Modern imaging techniques have long been regarded as a key technology for first-class medical research. At ISAS, the »Bio-Imaging« research programme focuses on the imaging of temporal and spatial molecular dynamics in organisms ranging from individual cells up to entire organs.

For example, the scientists are using light sheet fluorescence microscopy (LSFM), raman microscopy and coherent anti-stokes raman scattering (CARS) microscopy to validate biomarkers in order to accelerate the early detection of various diseases such as cardiovascular diseases or autoimmune diseases. Close cooperation with the Institute for Experimental Immunology and Imaging at the University Hospital in Essen, among other things, should ensure that the results of this basic research can later be translated into the clinic, i.e. transferred from the laboratory to patient care. ISAS researchers also conduct both animal and human testing, take measurements on intact organs, and integrate artificial intelligence in their image analyses.

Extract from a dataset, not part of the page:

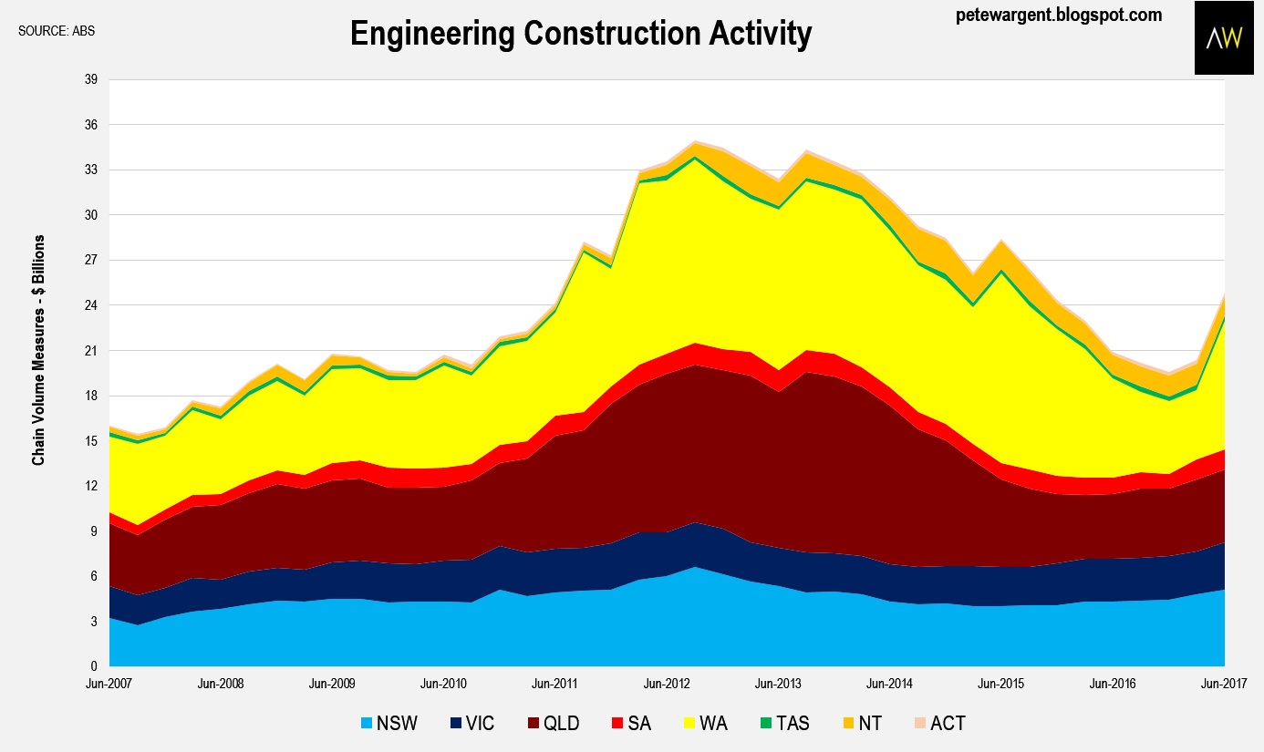 Another boon for Queensland is that took its capex downturn medicine earlier than Western Australia, so although it was painful, the drag has now ended, with roads and other infrastructure projects having kicked off.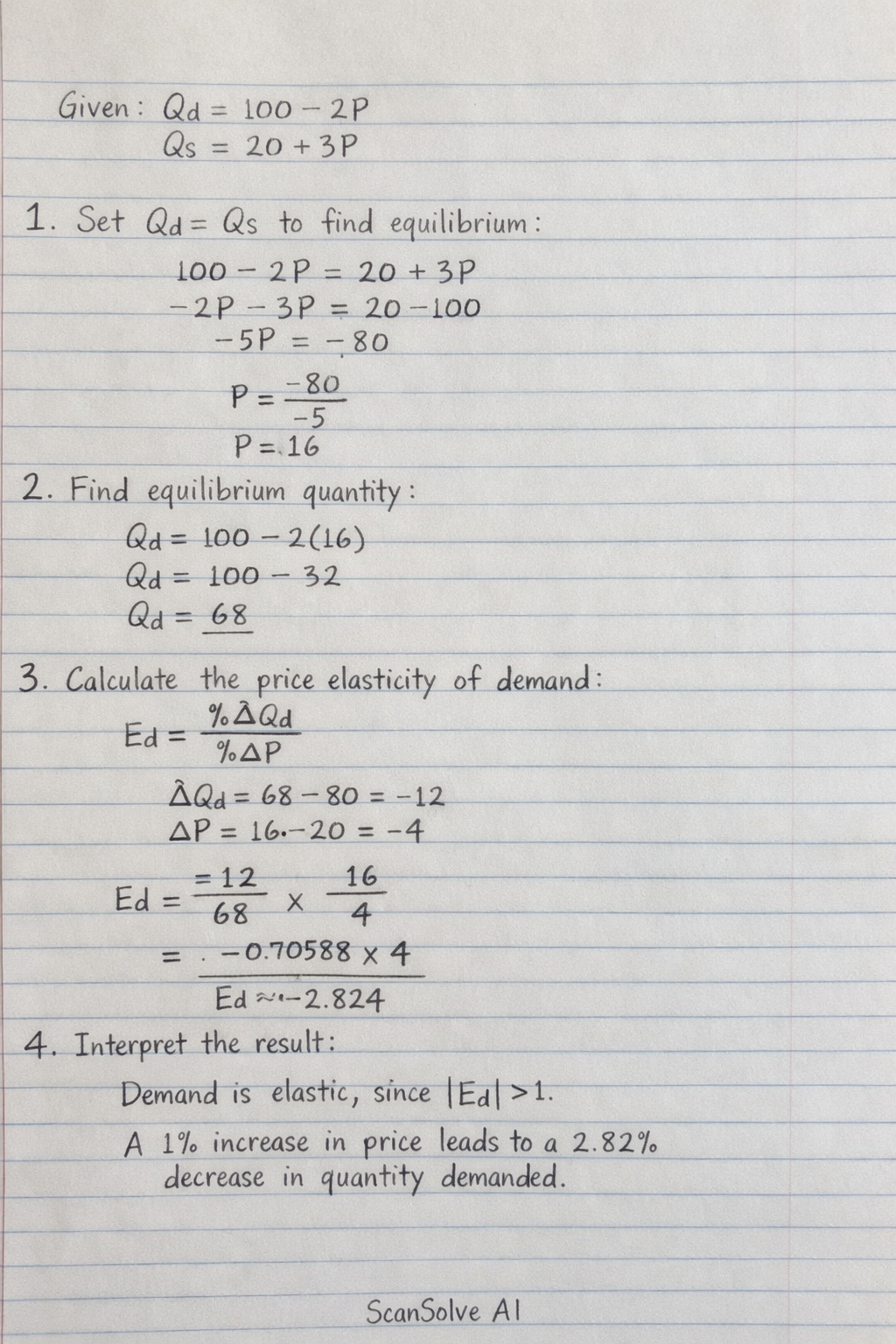 The previous question falls under the topic of Microeconomics, specifically within the areas of Demand and Supply Analysis and Market Equilibrium. It also covers Elasticity, which is a key concept in microeconomics for understanding market responsiveness.

Combination with complementary analytical technologies

In order to augment the future advancement of the work in the »Bio-Imaging« research programme, ISAS established the Bioimaging research group in 2020. In 2021, the focus was on further building up the research group. It aims to elucidate molecular and cellular processes underlying immunovascular interactions under inflammatory conditions.
The researchers study these cell interactions in acute inflammatory processes such as myocardial infarction and thrombo-inflammation, as well as in chronic autoimmune diseases such as rheumatoid arthritis. In addition to imaging methods such as LSFM, confocal laser scanning microscopy (CLSM) or two-photon laser scanning microscopy (TPLSM) are also used. These facilitate a three-dimensional analysis of biological samples from the cellular to the sub-cellular level. However, in order to characterise morphological and functional changes in inflammatory tissues over time with their underlying molecular mechanisms, scientists at ISAS combine LSFM, CLSM and TPLSM with complementary analytical technologies such as mass spectrometry (MS).

Non-destructive, integrative measurement strategies 

Because not only the amount of a biomolecule in a system, but also its exact spatial location can be decisive for a disease mechanism, the combination of these optical methods with general and spatially resolved MS will open up completely new diagnostic possibilities in future. Many of the imaging techniques mentioned currently still require the destruction of the samples, which often reduces their analysis to a single technique. This is particularly problematic for rare samples, such as human tissue biopsies, as it makes comprehensive analyses impossible. For this reason, ISAS is working in the »Bio-Imaging« programme to coordinate complementary imaging and analytical methods and to combine them in such a way as to develop new, non-destructive, integrative measurement strategies. The development of such a scale-independent multi-method concept, in the form of 4D analytics, should allow spatially and temporally resolved, quantitative, in-vivo analysis at cellular to molecular levels. These technical developments are crucial to comprehensive multi-modal and multi-dimensional analysis and thus for a holistic understanding of biomedically relevant processes. In the future, these new analytical technologies will be integrated into clinical  diagnostics, thus facilitating improved prevention and early  diagnosis as well as personalised approaches to therapy.

New BMBF junior research group AMBIOM

A single sample, depending on the microscope, leads to an average of 500 images. Without artificial intelligence (AI), one would neither be able to evaluate the information profoundly and quickly, nor manage it efficiently. Microscopy is just one of the many fields of application in medical imaging, where AI is continuously revolutionising the processing of enormous amounts of data. To meet the needs of current and future data volumes, ISAS established a junior research group entitled AMBIOM – Analysis of Microscopic BIOMedical Images in 2021. The Federal Ministry of Education and Research funds the junior research group which is led by Dr Jianxu Chen and which focuses on the evaluation and modeling of imaging data.